Your objective
Please copy exactly the part of the records below that opens with the line containing "可以看到桌面上那个神秘txt快捷方式指向的就是tammy.txt" and closes with the line containing "サイズについての説明 | サイズ:スモーキーカクテルウッドリッド:直径9cm", leaving out any pictures.

Extracted data
^^^^^^^^^^^^^^^^

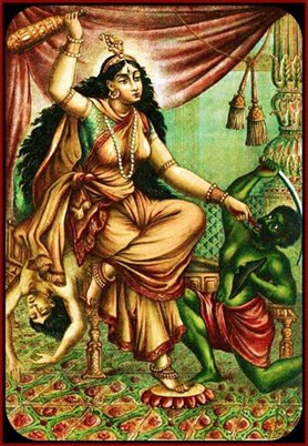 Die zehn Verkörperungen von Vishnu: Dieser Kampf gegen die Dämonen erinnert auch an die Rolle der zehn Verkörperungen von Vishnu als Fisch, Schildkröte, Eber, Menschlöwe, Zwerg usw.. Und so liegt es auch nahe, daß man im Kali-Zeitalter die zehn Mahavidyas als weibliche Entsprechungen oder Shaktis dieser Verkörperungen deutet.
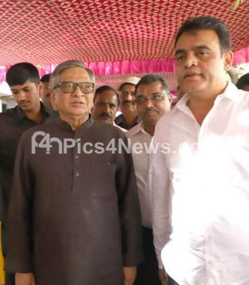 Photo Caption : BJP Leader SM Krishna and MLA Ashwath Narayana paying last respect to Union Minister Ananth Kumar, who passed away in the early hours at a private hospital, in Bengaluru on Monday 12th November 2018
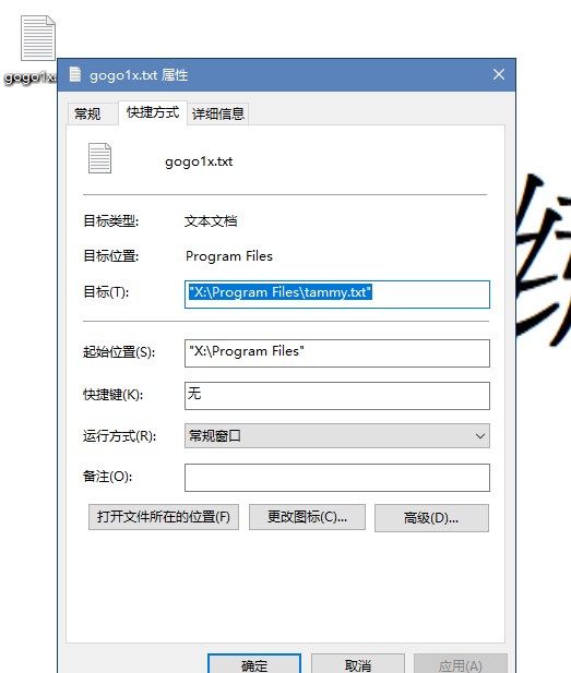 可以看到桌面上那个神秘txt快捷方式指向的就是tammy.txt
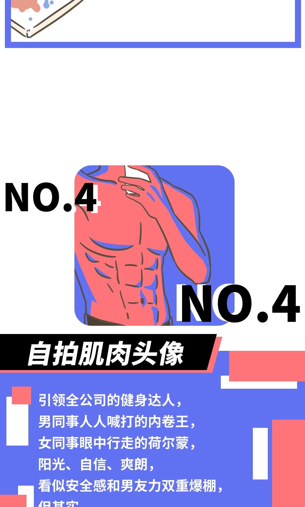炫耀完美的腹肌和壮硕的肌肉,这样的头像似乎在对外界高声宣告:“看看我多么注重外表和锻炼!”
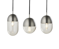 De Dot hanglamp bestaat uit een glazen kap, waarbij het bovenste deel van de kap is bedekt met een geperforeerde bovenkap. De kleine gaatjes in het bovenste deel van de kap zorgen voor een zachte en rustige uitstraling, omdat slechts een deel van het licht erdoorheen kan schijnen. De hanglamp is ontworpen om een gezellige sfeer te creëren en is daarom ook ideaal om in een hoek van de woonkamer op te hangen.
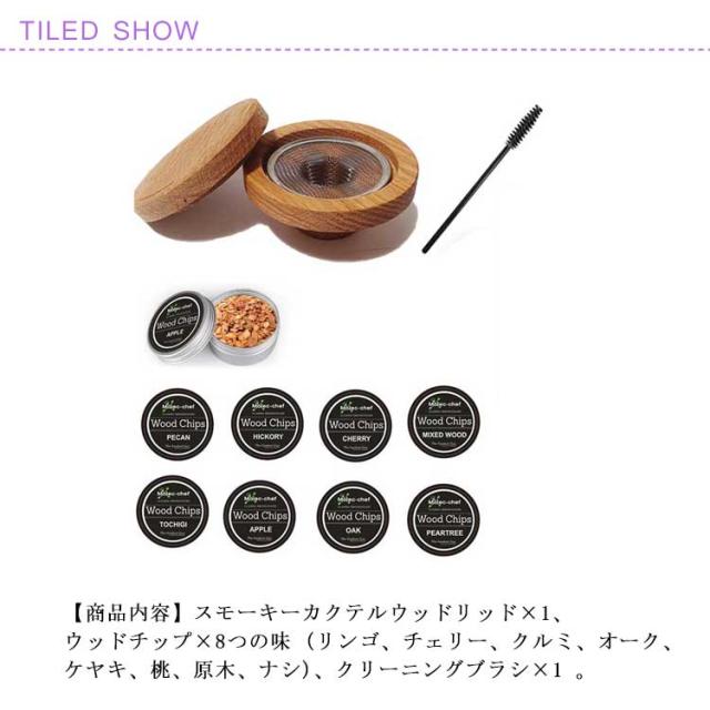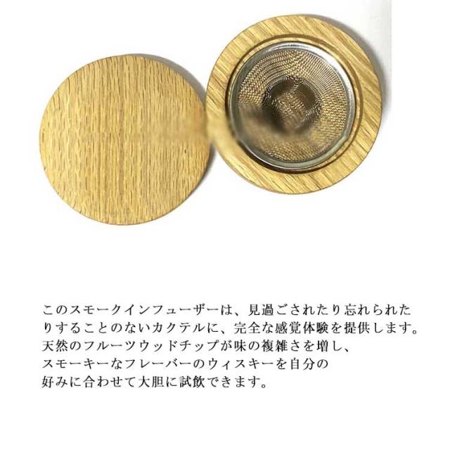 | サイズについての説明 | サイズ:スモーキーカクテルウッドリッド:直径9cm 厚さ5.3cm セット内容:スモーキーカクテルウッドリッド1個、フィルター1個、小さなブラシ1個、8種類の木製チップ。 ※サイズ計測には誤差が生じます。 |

^^^^^^^^^^^^^^^^

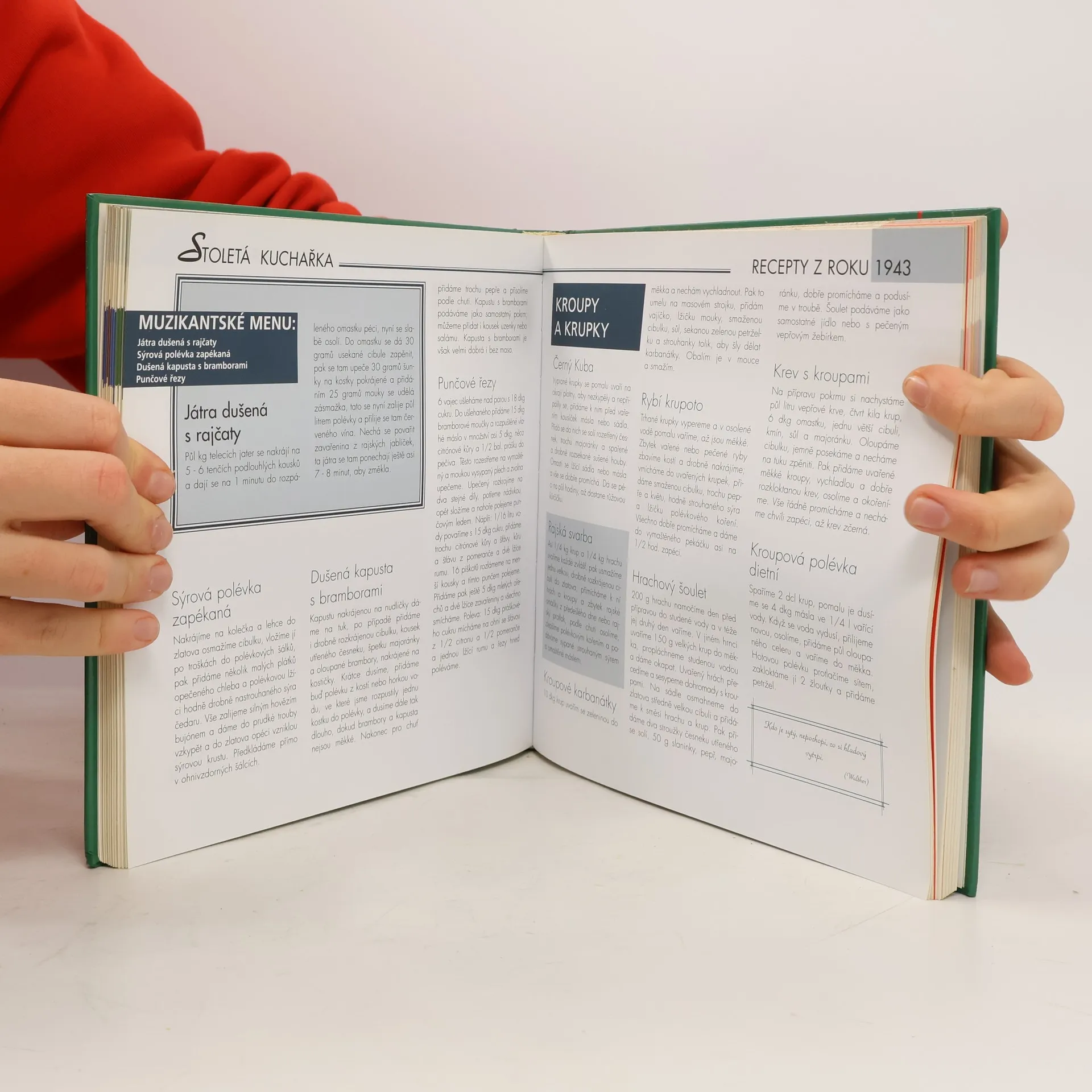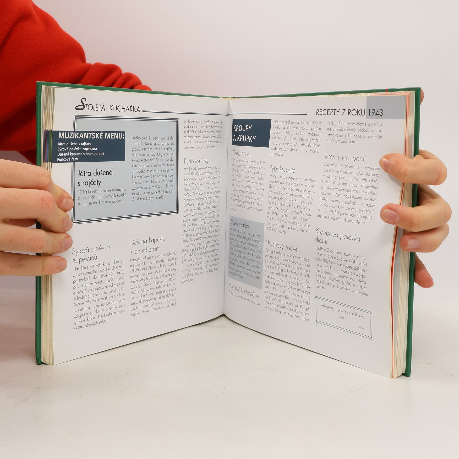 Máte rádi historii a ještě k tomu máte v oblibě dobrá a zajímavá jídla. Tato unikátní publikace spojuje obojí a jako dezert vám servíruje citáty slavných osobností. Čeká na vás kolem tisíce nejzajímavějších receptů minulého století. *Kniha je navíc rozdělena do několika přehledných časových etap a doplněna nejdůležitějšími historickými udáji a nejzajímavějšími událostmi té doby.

^^^^^^^^^^^^^^^^

Output below
 可以看到桌面上那个神秘txt快捷方式指向的就是tammy.txt
炫耀完美的腹肌和壮硕的肌肉,这样的头像似乎在对外界高声宣告:“看看我多么注重外表和锻炼!”
 De Dot hanglamp bestaat uit een glazen kap, waarbij het bovenste deel van de kap is bedekt met een geperforeerde bovenkap. De kleine gaatjes in het bovenste deel van de kap zorgen voor een zachte en rustige uitstraling, omdat slechts een deel van het licht erdoorheen kan schijnen. De hanglamp is ontworpen om een gezellige sfeer te creëren en is daarom ook ideaal om in een hoek van de woonkamer op te hangen.
 | サイズについての説明 | サイズ:スモーキーカクテルウッドリッド:直径9cm 厚さ5.3cm セット内容:スモーキーカクテルウッドリッド1個、フィルター1個、小さなブラシ1個、8種類の木製チップ。 ※サイズ計測には誤差が生じます。 |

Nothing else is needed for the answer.